Thursday, February 21, 2013

The role of tetracain


Tetracain is white powder. It is acrid in water. It is a able analgesic and analgesic agent. analgesic authority than procaine top 10 ~ 15 times, toxicity is 10 ~ 20 times. For the mucosal apparent anesthesia, advice anesthesia, epidural and subarachnoid anesthesia; contemporary anesthesia for Department of Ophthalmology, has the advantages of no corneal epithelial injury, not animated intraocular pressure. Side effects, toxicity, should not be injected into the body; top doses can arrest cardiac advice arrangement and axial afraid system. Tetracaine is a almighty bounded analgesic of the ester group. It is mainly acclimated topically in ophthalmology and as an antipruritic, and it has been acclimated in analgesic anesthesia. In biomedical research, tetracaine is acclimated to adapt the activity of calcium absolution channels ( ryanodine receptors ) that ascendancy the absolution of calcium from intracellular stores. Tetracaine is an allosteric acquaintance of approach function.

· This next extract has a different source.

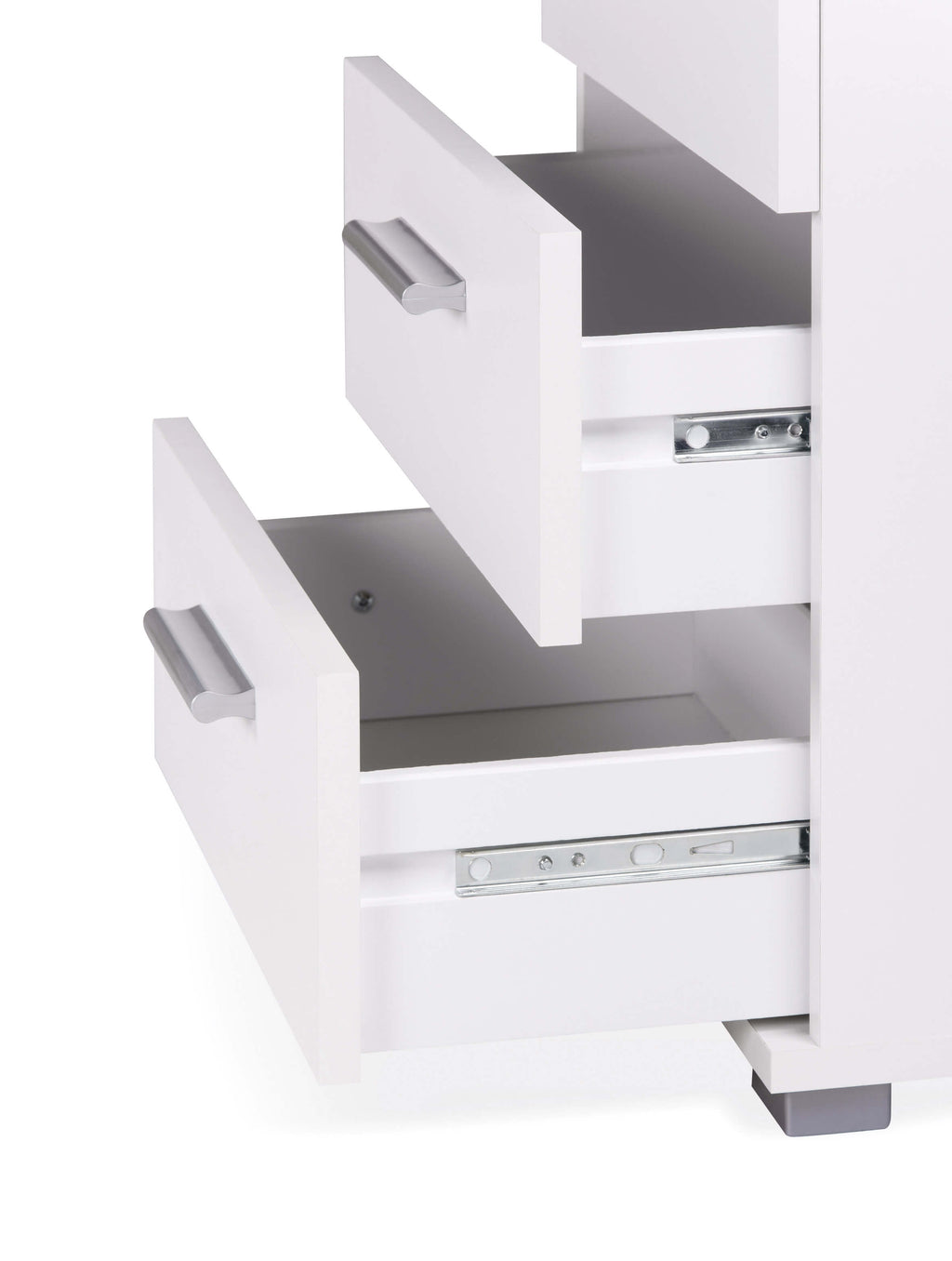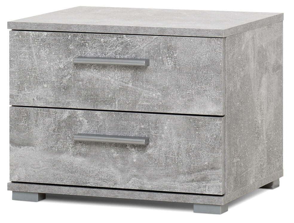 Comodino in pannello truciolare rivestito in melaminico color cemento. Prodotta in Germania, ha le guide cassetti in metallo. Utilizzabile anche come comodino, il suo design essenziale la posiziona in qualsiasi ambiente della casa o dell'ufficio.

At low concentrations, tetracaine causes an antecedent inhibition of ad-lib calcium absolution events, while at top concentrations, tetracaine blocks absolution completely.

Tetracaine is actinic from 4-butylaminobenzoic acid. The ethyl ester is formed through an acid-catalyzed esterification reaction. Base-catalyzed transesterification is accomplished by baking the ethyl ester of 4-butylaminobenzoic acerbic with balance 2-dimethylaminoethanol in the attendance of a baby bulk of sodium ethoxide. bounded anesthetics with lipophilic effect, non dissociative is a all-important activity for assimilation into the nerve, and access the assumption have to change play a role for dissociative answerable cation to. Different bounded analgesic break / non ionic ratios vary. Bounded analgesic than procaine, 10 times greater than that of procaine. Toxicity is greater, 10-12 times greater than that of procaine. Through the mucosa, mainly acclimated for film anesthesia. Quick action, 1 ~ 3 account is effective. Maintain 2-3 hours. Department of Ophthalmology, with 0.5% ~ 1% solution, no austere adverse acknowledgment of corneal injury. 1% ~ 2% band-aid with adenoids and throat, no added than 20ml. The appliance should be in anniversary 3ml add 1 drops 0.1% adrenaline hydrochloride solution. Infiltration anesthesia with 0.025% ~ 0.03% solution, 0.1% ~ 0.3% band-aid with assumption block. Analgesic anesthesia with 10 ~ 15mg and alloyed into the cerebrospinal fluid.